DIGITAL LIBRARY
THE DESIGN OF A CONSTRUCTIVIST HANDS-ON LABORATORY: QUALITATIVE STUDY OF SIMPLE ELECTRICAL CIRCUITS
1 Université du Québec à Montréal (CANADA)
2 University of Ottawa (CANADA)
About this paper:
Appears in: ICERI2019 Proceedings
Publication year: 2019
Pages: 3384-3389
ISBN: 978-84-09-14755-7
ISSN: 2340-1095
doi: 10.21125/iceri.2019.0867
Conference name: 12th annual International Conference of Education, Research and Innovation
Dates: 11-13 November, 2019
Location: Seville, Spain
Abstract:
Science and technology education for primary and secondary students is central to school curricula. Such teaching does not give the expected results, namely the acquisition of basic scientific concepts to understand the natural and constructed phenomena with which young people interact daily (OECD, 2006). For example, in the case of events related to electricity, many studies show that despite teaching over a few years, students fail to use the concepts of current and voltage to correctly explain the different energy transformations (chemical, electrical, light and thermal) in a simple electrical circuit. For several students, the light energy of a bulb connected to the terminals of a battery and two electrical wires comes from the collision of the two currents leaving the terminals (positive and negative) of the cell. Also, they encounter conceptual difficulties in explaining the brightness of bulbs connected in different electrical circuits (series, parallel).
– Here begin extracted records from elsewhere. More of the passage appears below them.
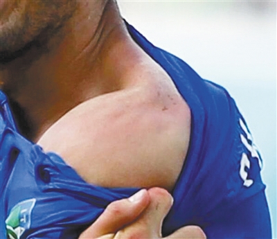 基耶利尼展示苏亚雷斯咬人留下的“齿印”,却换不来裁判的同情。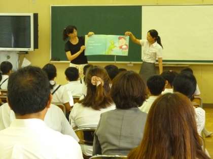 緊張した面持ちで登場した子どもたちでしたが、学習が始まると、いつも通り元気いっぱい歌ったり会話したり。とても頑張っている様子を見ていただきました。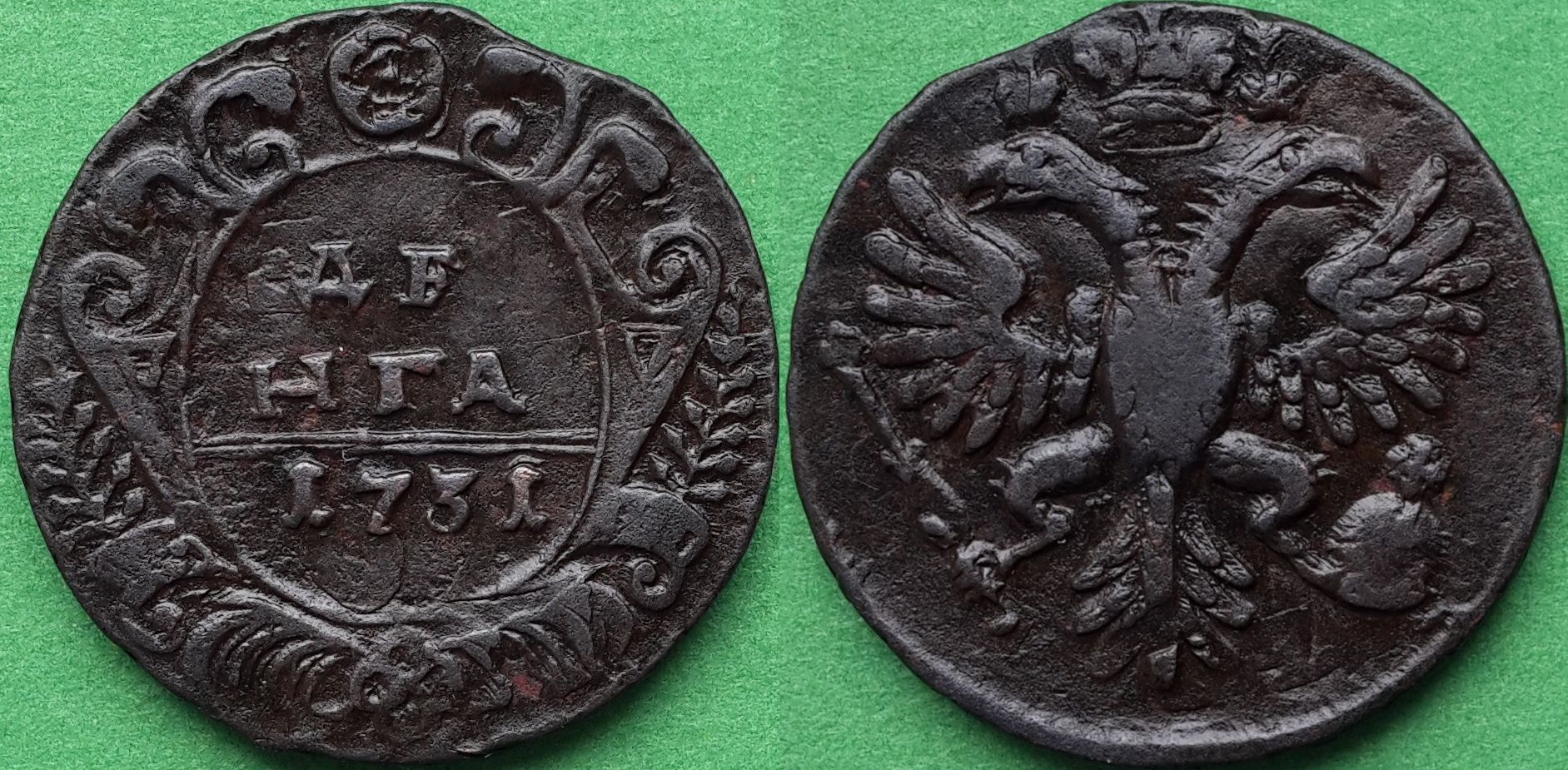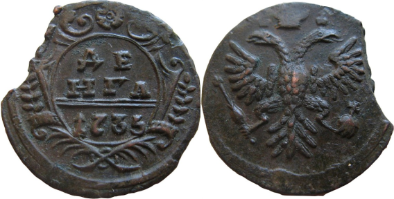 20. Денга 1734 года Орел с языками

For example, in the case of series-connected bulbs, for many students, the current divide between the bulbs so that the identical bulbs receive the same amount of current. Thus, each bulb consumes a portion according to its operating characteristics. In this research, we present the design of a constructivist laboratory on the qualitative analysis of simple electrical circuits for teachers training primary school teachers. The selected activities, lasting three hours, were experimented with 75 students in the class on Science Didactics. The laboratory constructed covered six problems related to the connection of batteries, light bulbs, and electrical wires, and in each, the students first anticipated their answers. Then, they experimentally verified their predictions and answered questions in the form of a challenge. Finally, they completed a paper-and-pencil questionnaire to clarify what they learned, what they did not learn, and what they would like to learn from the lab. In general, they appreciated the proposed approach, which they believe differs from the laboratories they did during their previous studies (secondary and college). In these laboratories, they felt less involved, and therefore less interested since the activities carried out were limited to verifying what they had learned before in the theoretical courses.
Keywords:
Laboratory hands-on, Electrical circuits, pre-service teachers, elementary school.